Un’ultima tematica discussa, nell’ambito delle presentazioni focalizzate sulla migrazione nelle terre alte europee, è stata quella dei rifugiati e dei richiedenti asilo, in quanto popolazioni presenti temporaneamente nelle zone montane e rurali, secondo modalità del tutto differenti da quelle caratteristiche dei “migranti economici” (che, per esempio, si dividono abbastanza equamente tra uomini e donne, mentre i richiedenti asilo sono in grandissima parte maschi). Si è evidenziato il crescente peso (politico-mediatico ma anche numerico) di questo fenomeno negli ultimissimi anni, proprio con riferimento alle aree rurali periferiche europee, che spesso sono state investite da flussi di migranti considerevoli, sulla base non di rado di politiche nazionali che hanno reindirizzato gli stranieri dalle città verso le zone meno popolose dell’interno. Se da un lato è stato messo in luce il rischio che questa presenza pesi eccessivamente su “aree fragili” come queste, dall’altro lato alcuni esempi del nord Europa hanno fatto emergere come una certa pressione migratoria straniera, se gestita e indirizzata correttamente, possa stimolare la resilienza di comunità locali spesso in crisi, proprio a causa di persistenti fenomeni di spopolamento, di abbandono del territorio e di chiusura difensiva da parte dei pochi autoctoni rimasti.

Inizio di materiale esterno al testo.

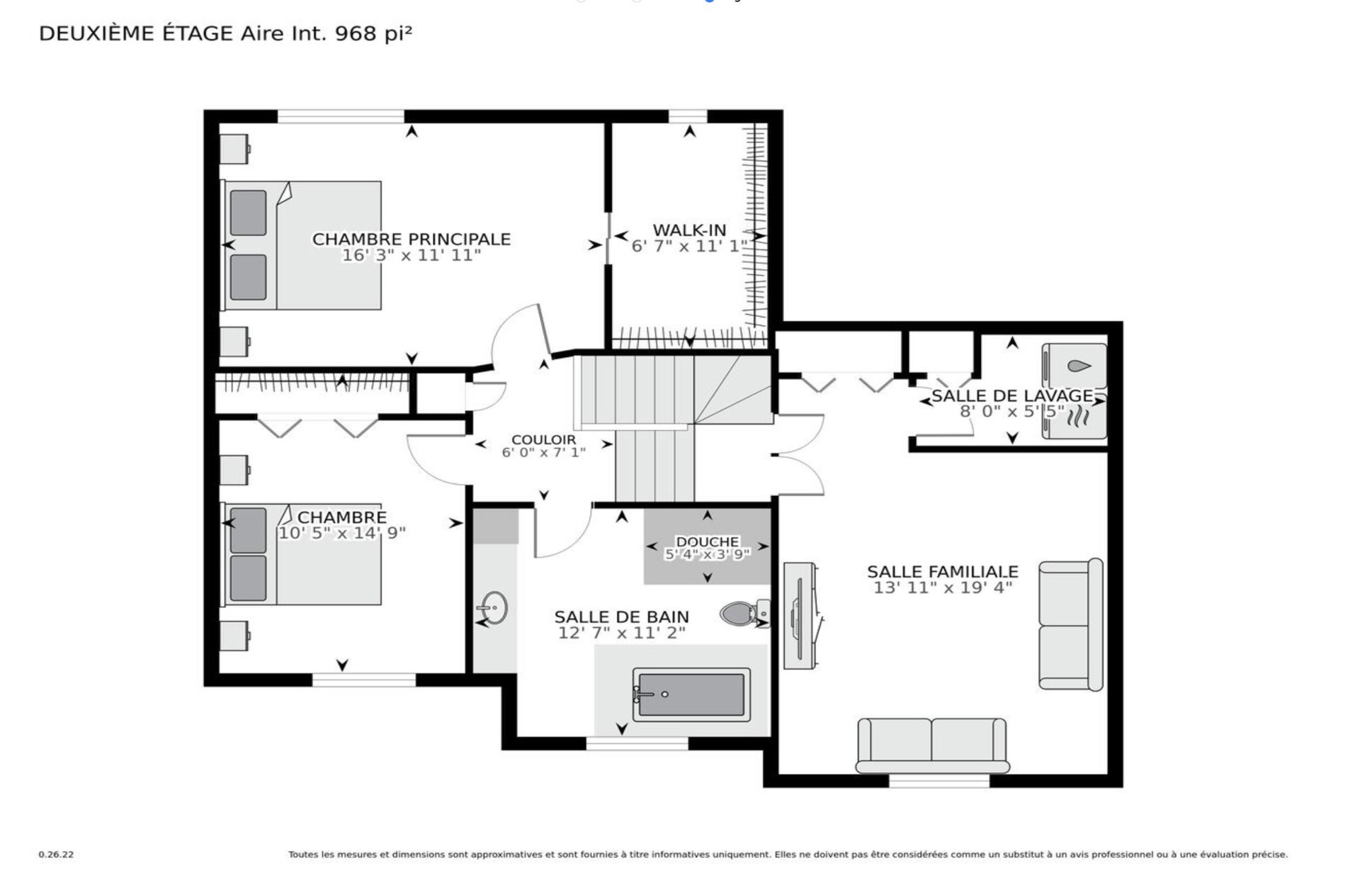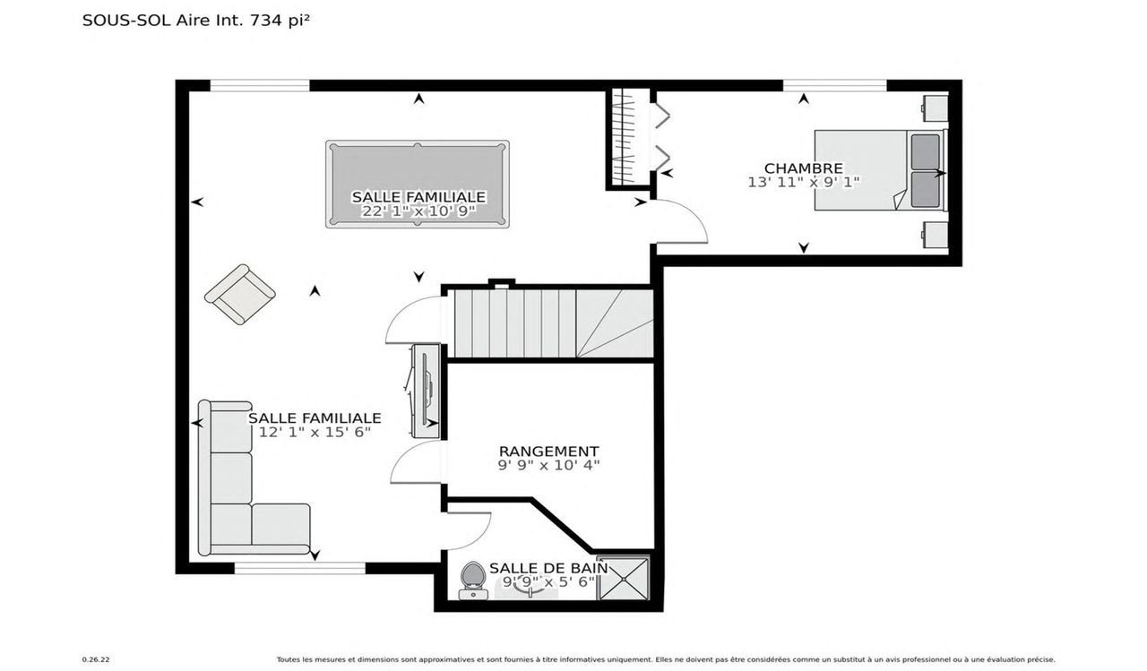 | Salle de jeux | 22.1 x 10.9 P | Sous-sol | Plancher flottant |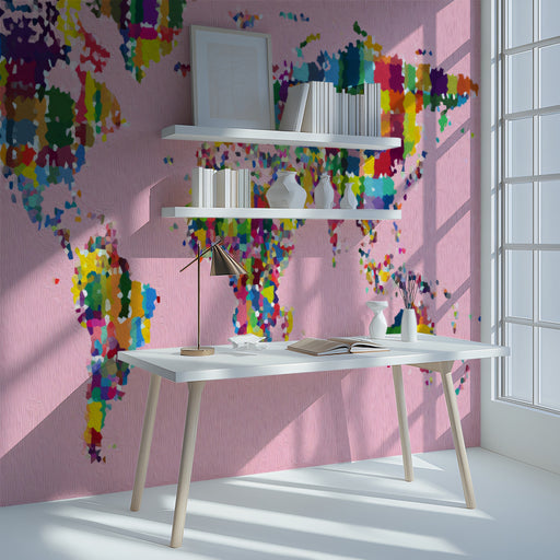 View full detailsImpressionist Pointillism World Map Mural Wallpaper | Oil Paint Texture, High Saturation, Pink Backdrop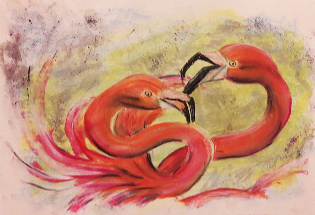 Zwei Flamingos (Pastellkreide)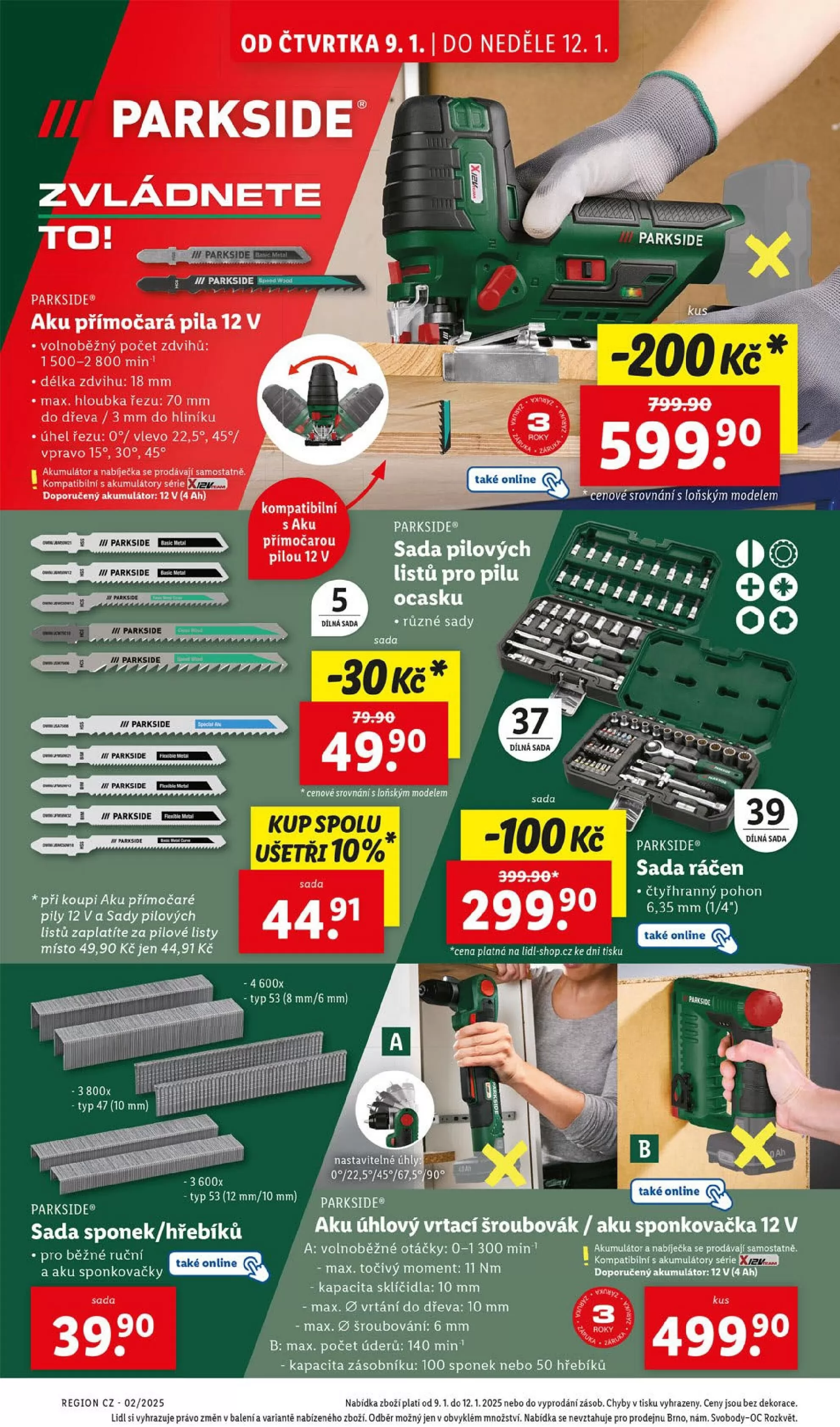Od čtvrtka 9.1. do neděle 12.1. si v Lidlu můžete pořídit skvělé produkty značky Parkside. Mezi nimi najdete aku přímočarou pilu 12 V s volnoběžným počtem zdvihů 1 500-2 800 min a maximální hloubkou řezu 70 mm do dřeva. K tomu nabízíme sadu pilových listů, kterou můžete zakoupit za zvýhodněnou cenu při koupi pily.

Il convegno si è concluso con l’invito ad approfondire, in una logica comparativa europea, il filone di ricerca sulle nuove migrazioni verso le aree rurali e montane, prestando particolare attenzione alle differenze, così come ai possibili punti di contatto, tra le due principali popolazioni interessate, ovvero quella dei migranti per scelta (in netta prevalenza europei occidentali, spesso di classe media e con risorse economiche a disposizione, oltre che culturali) e quella dei migranti per necessità (perlopiù extra europei o dell’Europa orientale, in gran parte con ridottissime o inesistenti risorse materiali ma non privi di importanti risorse culturali e professionali). Il futuro delle terre alte sembra giocarsi anche e in modo consistente nella dialettica (che potrà oscillare tra cooperazione e conflitto) tra queste due popolazioni di newcomers rurali/montani, laddove la distinzione tra abitanti fissi e temporanei sembra nel contempo perdere molta della sua valenza descrittiva, in una montagna che è sempre più spazio di flussi e luogo investito dalla globalizzazione.